Look at the pretty I have bought this festive season!
It does mean that I'm living on toast for the next couple of months and may have to start walkiing to work (yes, I know it's 14 miles away), but soooo worth it!
Now I can chat on skype, or do some Facebook stalking, or even blog while still in bed, or in the living room, or most dramatically, ON THE BUS!!!! Well, okay, it has only worked on the bus once so far due to it being Stagecoach (i.e. mostly rubbish) and there rarely being enough seats for everyone let alone working wi-fi. But in theory I can have the internet on the bus on my tiny little 'puter!
Apart from the brilliance of iPlayer on the move, the most remarkable thing about my new toy is that it is probably the first time ever that I have actually saved dilligently and paid for a high ticket item with money that exists now and is all mine. Which is pretty shameful considering I'm entering my 35th year, but one of the positives of "credit crunch" times. Part of the joy of this purchase has been the months looking at different options on the internet and stroking things in Currys and PC World. In the old carefree days of buy now, pay at some point in the future when I get a fabulous high paying job and my life finally gets on track, I would have just gone..." i want that one"...and bought it. Now that the reality of a career in retail has finally sunk in (after 8 years it's probably not a temporary stop gap anymore) I am actually budgetting and making sensible decisions about what is realistically within my grasp.
Well, I say that...but if i was really sensible i would have waited another couple of months in order to save myself from the "£2 a day" torture of the next few weeks...but baby steps...
The weird thing about all the Credit Crunch chat of recent times is that I had naturally decided to reign myself in before the media frenzy telling me that I had to. Economics are very far from being my strong point so I have to admit that I have just been believing what the BBC tells me without question and panicking accordingly. I was sooo relieved when just before christmas a friend who has been out of the country for a while asked out loud the question that has been blinking in the back of my head for a while. "Why do people suddenly have no money, when the amount they are earning hasn't changed?" It's a good question. I have no money because I always have no money. I have the potential of credit, but am choosing not to exploit it. Most of my friends have more sensible jobs and have always had a healthy disposable income...can that have changed so dramatically just because bread is a few pence more expensive?
The money people have to spend on unecessary (but life enhancing) crap is definitley going further. Thanks largely to that bald headed, shouty daytime telly bloke the average customer now sees shopping as more of a challenge than a pastime. The run up to Christmas was a battle of the wills between retail and customer.December looked as though it was going to be a disaster as the usual present buying frenzy held off and held off until Christmas week itself.

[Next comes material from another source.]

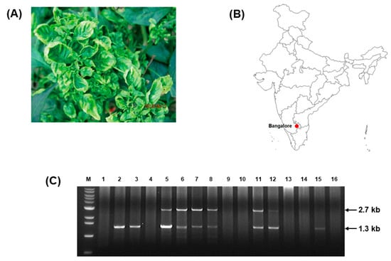 ToLCJoV detection from pepper (C. annuum) in India. (A) Symptomatic pepper plants collected from Bangalore, Karnataka, India. (B) Location of sample collection on map. (C) Gel electrophoresis of RCA product digestion with BamHI showed an association of the geminivirus with the expected satellite molecules. Lane M: 100 bp ladder, line 1–16: RCA products of 16 samples after digested by enzyme.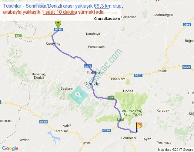 Tosunlar - Serinhisar Denizli arası yaklaşık olarak 90 km/h ile yukarıda belirtilen sürede olup, iki yerin kuş uçuşu uzaklığı (mesafesi) 51'dir. Yolculuk otobüsle 1 saat 31 dakika sürmektedir.

People seemed to think that if they just waited another day they'd get the bargain of the century. I can't tell you how many times people asked me the price of guitars and looked incredulous when I quoted the price that was written clearly on the instrument. "But if I buy this, what will you give me?" Well...a guitar?
Correct me if I'm wrong, but I believe the barter system went out when we swapped potatoes for a more metallic type of coinage!
Ach, I can't really complain as I did exactly the same when I bought my netbook. A flutter of the eyelids, the threat of just ordering from Amazon and the man in PC World gave me a 10% discount. Okay, it was the display model, but it did have the added bonus of including comedy pictures that random shoppers had taken of themselves. I think they were supposed to wipe them before they gave it to me.
Curses! I deleted them. I should have kept them, posted them here and then alerted the News of the World to the terribly careless way personal details were handled by a respected retailer. That would have saved me from a month of toast for tea!


I must admit that I'm the teensiest bit jealous of your new laptop; I've got one, but it's for work purposes and I'd really like to get one just for mucking about on the Internets while I'm relaxing in the living room or in a coffee shop (never in bed; I don't think I'm an in-bed computator).
Like you, we didn't magically run out of money when everyone decided that the economy had fallen face-first into the mud (which then turned out to be quicksand); we just never had any money to begin with. Our approach to losing as little as possible in the markets is to have as little as possible in the markets. It's working like a charm so far.
It's good to see you blogging again. We wants more.